The platform will reduce and eventually eliminate the need for exchanging documents in paper form. For example, bills of lading (B/L), which represent title to the goods, are typically issued on paper. 

Usually B/Ls are issued in three original copies, one for the shipper, one for the consignee, and one for the banker. The more B/Ls are issued the higher the risk of fraud, theft, unauthorised release of goods, or release to the wrong person.

Blockchain technology will allow for non-physical original B/Ls to be delivered in a secure way, reducing delays and risks of tampering. 

This technology can also help digitalise procedures for letters of credit issuance by banks and trade insurance contracts. A letter of credit is a letter issued by one bank to another bank to serve as a guarantee for payments. 

Dependence On China

The move is part of a broader initiative by Japan to lessen its dependence on China for manufacturing and to reduce future risks of supply chain disruption in case of another black swan; and it follows up on some of the measures contained in the stimulus package unveiled by Japanese Prime Minister Shinzo Abe at the beginning of April.

The massive stimulus plan of JPY108 trillion (US$992 billion) include an economic support fund worth about US$2.4 billion to help finance local businesses bringing manufacturing back to Japan from China, or to move it to other countries in Southeast Asia.

But it is not only Japan that is interested in stepping up its involvement in ASEAN. The trade bloc too sees Japan as an anchor in the bigger and not-so-smooth relationship between China and the US, and therefore welcomes efforts to strengthen commercial ties. 

ASEAN Confidence rating
Source: The State of Southeast Asia: 2020 Survey Report

In a January survey by the Singapore-based ISEAS-Yusof Ishak Institute, Japan turned out to be the most trusted major power, with 61.2 percent of respondents expressing confidence in Japan to do the right thing for public good. The European Union (EU) followed with 38.7 percent; the US came in third with 30.3 percent; and China placed fourth with 16.1 percent. 

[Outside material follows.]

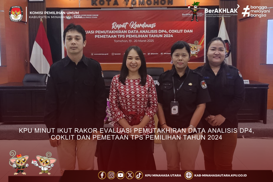 KPU Minut menghadiri Rapat Koordinasi Evaluasi Pemutakhiran Data Analisis DP4, Coklit, dan pemetaan TPS Pemilihan Tahun 2024 yang diselenggarakan oleh KPU Provinsi Sulawesi Utara di Aula KPU Kota Tomohon pada tanggal 19-20 Maret 2025. Turut hadir dari KPU Minut yaitu Ketua Divisi Rendatin Ireine Buyung, Kasubag Rendatin Yulia Widiastuti serta Operator Untari A. Rany dan Harry Waney. Dalam rakor hadir Lurah Paslaten Satu Roky K.Warung, Lurah Walian Dua Marlon Taroreh yang memberikan catatan evaluasi dalam tahapan Coklit dan narasumber Demisioner KPU Provinsi Sulawesi Selatan Ulisimin yang menyampaikan ulasan terkait pemutakhiran data pemilih. “Evaluasi harus dilaksanakan agar mendapatkan saran dan masukan dari peserta khususnya dalam tahapan mutarlih untuk kualitas data yang lebih baik pada Pemilihan yang akan datang.” Tegas Poluan dalam arahannya saat membuka kegiatan. Seluruh peserta pro aktif memberikan saran, masukan, bahkan hal-hal yang terjadi selama tahapan pemutakhiran data pemilih berlangsung yang semuanya akan ditulis dalam Buku Perjalanan Data pemilih oleh KPU Provinsi Sulawesi Utara.

The new system will also benefit ASEAN as a whole. According to a 2018 Bain & Co. report titled, “Advancing Towards ASEAN Digital Integration,” ASEAN’s digital economy was just seven percent of gross domestic product (GDP) compared to 16 percent for China and 35 percent for the US. 

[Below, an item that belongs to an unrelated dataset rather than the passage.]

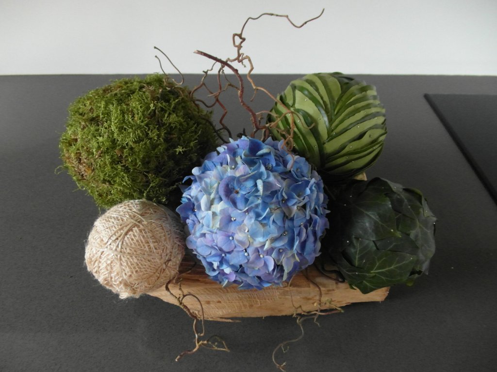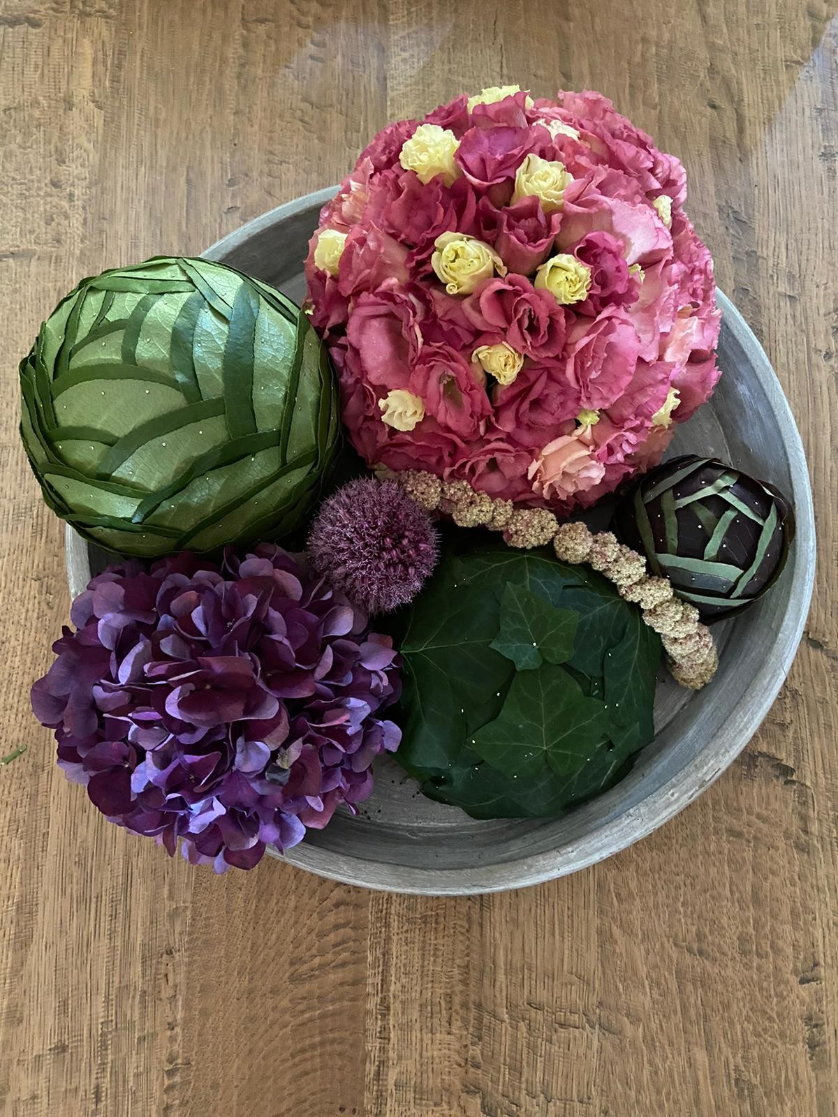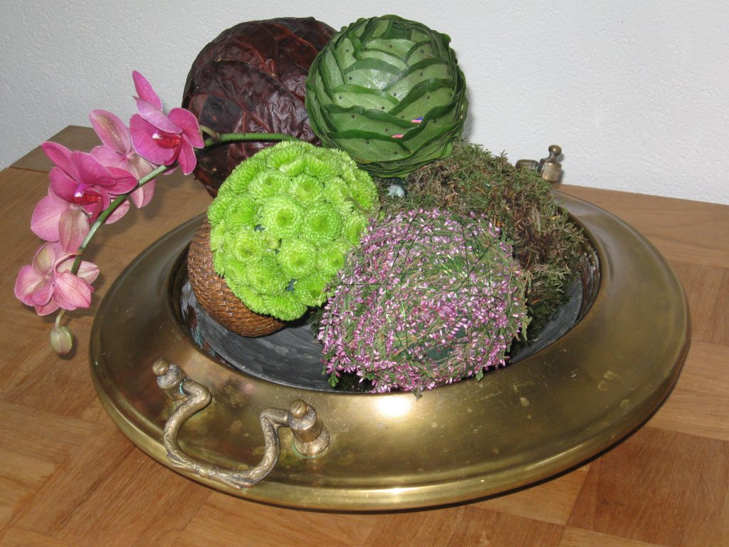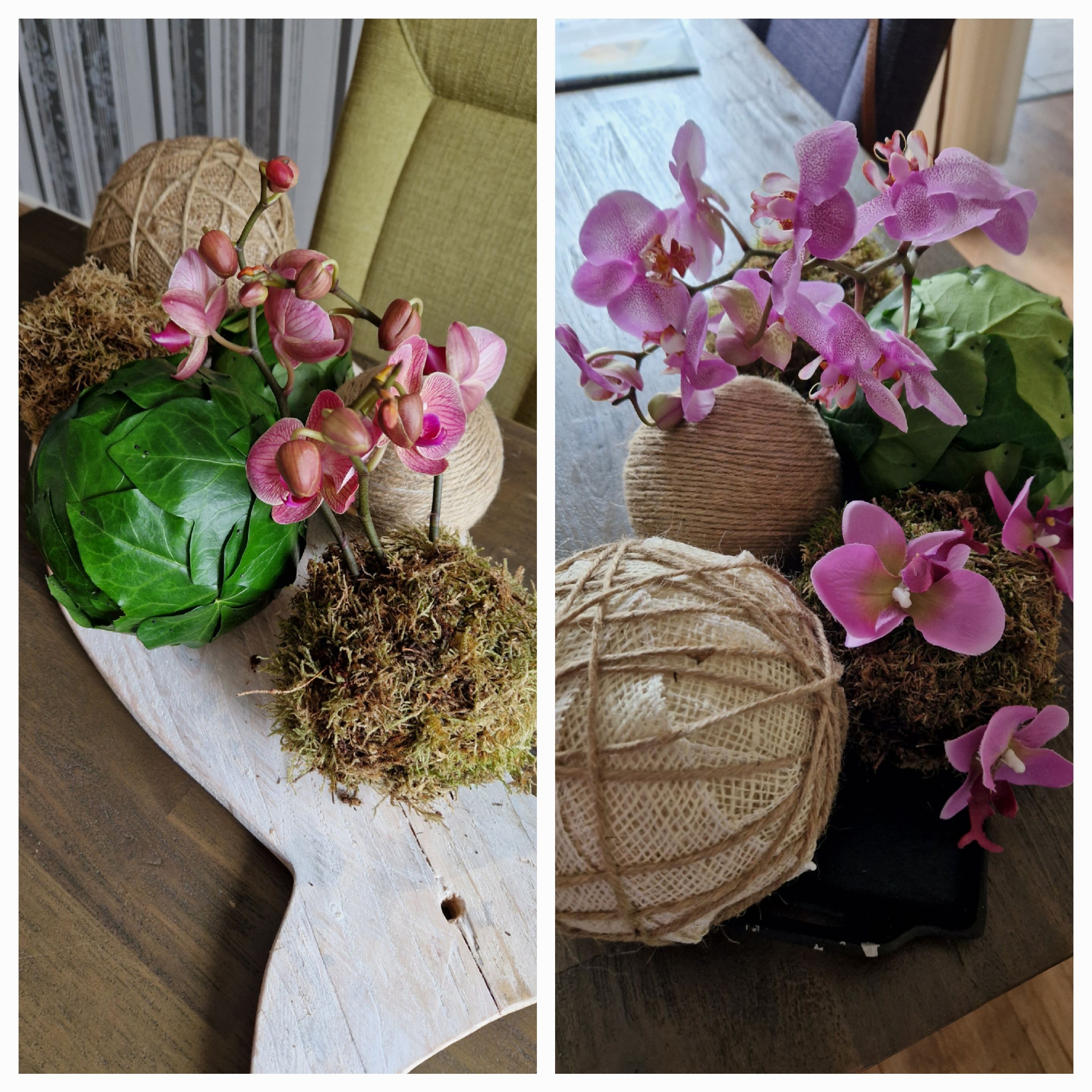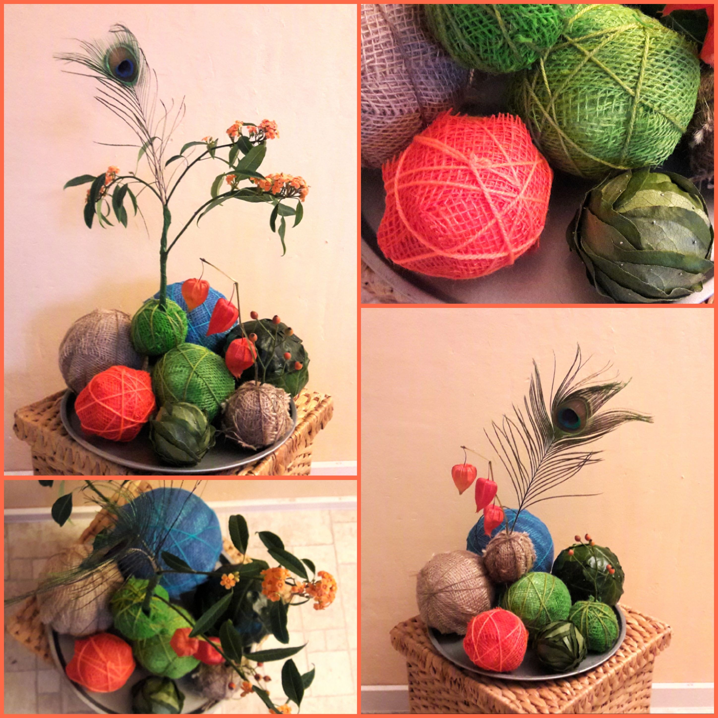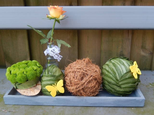 Het is een heel leuk en modern arrangement. Toevallig was ik zelf ook met het bekleden van ballen bezig. Een heb ik bekleed met heide en een met peulen van de Gleditsia, wel lastig om te doen maar het is wel leuk geworden en in een ander arrangement een kleine droogschuim bal met kleine appeltjes. groeten Peta

Moreover, digital integration will foster and accelerate intra-regional trade and growth, and could stimulate an increase in GDP for the bloc between US$800 billion and US$1 trillion by 2025, the report stated.  

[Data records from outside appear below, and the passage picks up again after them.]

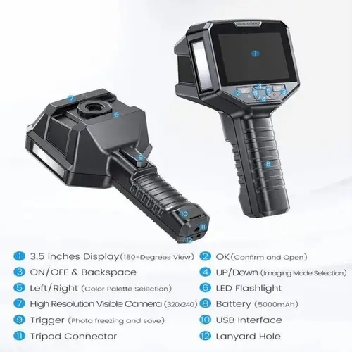 Thermal scanner and camera featuring an LCD display for clear visualization. Manufactured in India, this device provides essential thermal imaging capabilities.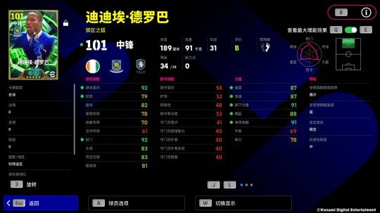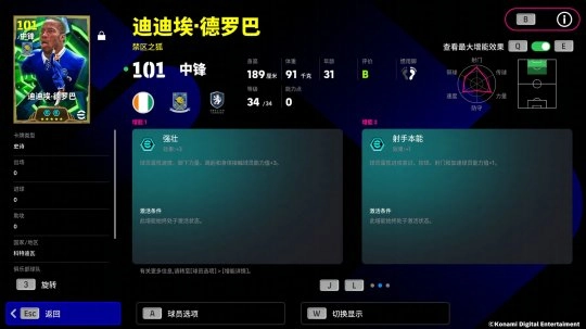德罗巴的增能属性是【强壮 +3】,速度与身体接触能力的提升,使得他那如同合金浇筑的身躯在进攻途中足以碾压所有阻碍!凭借【无定型射门】这一特殊技巧,即便处于背对球门的状态,他也能在转瞬之间拧身完成爆射破门!此外,他还自带【到位传球】的特殊技巧,总能送出手术刀般精准的传球,为队友创造得分良机!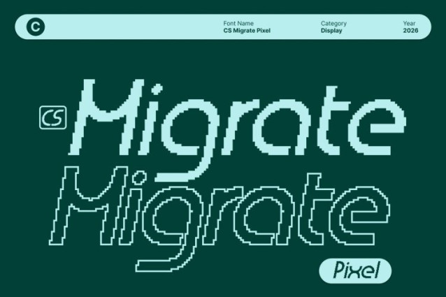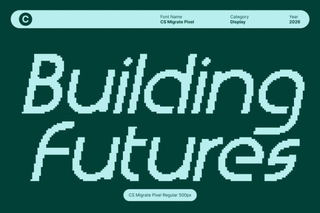CS Migrate Pixel Font This is a modern display font inspired by Bauhaus principles of clarity, function, and geometric beauty, enhanced with pixel-based construction. Built from clean shapes, modular grids, and digital precision, this typeface delivers a structured and contemporary look that feels artistic, rational, and visually strong. It reflects modernist ideals through a distinctly digital lens.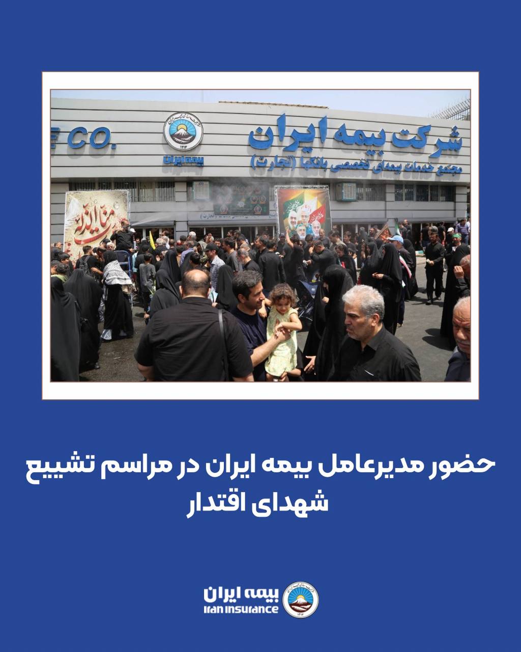 \r\nبه گزارش مراقب بیمه به نقل از روابط عمومی بیمه ایران، مدیرعامل و جمعی از اعضای هیئت مدیره، معاونین، مدیران کل و کارکنان بیمه ایران از اولین لحظات آغاز مراسم تشییع پیکر فرماندهان نظامی و دانشمندان کشورمان که در پی تجاوز اخیر رژیم صهیونیستی به کشورمان به شهادت رسیدند، همراه با اقشار مختلف مردم برای ادای دین به این شهدا در مراسم تشییع پیکر آنها حاضر شدند.
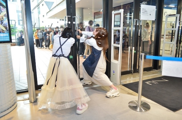 開店時間が迫るなか、仲町さんと峰月さんが、入り口前でお並びいただいているお客様を発見。するとまだ施錠されたドアへ向かって御覧のパフォーマンス!!

The report also noted that more than 50 percent of Small and Medium Enterprises (SMEs) see cross-border trade processes and logistics infrastructure as key barriers to selling overseas through digital channels, while many digital businesses see data localisation regulations as a barrier to seamless digital trade. 

Among the companies that will take part in the project are Mitsubishi Corp., Japan’s largest trading house, Mitsui & Co., Nippon Express, NYK Line, the nation’s second-largest shipping line by 20-foot equivalent unit (TEU) capacity and part of the Mitsubishi conglomerate, Mizuho Bank, Sompo Japan Insurance, Tokio Marine & Nichido Fire Insurance.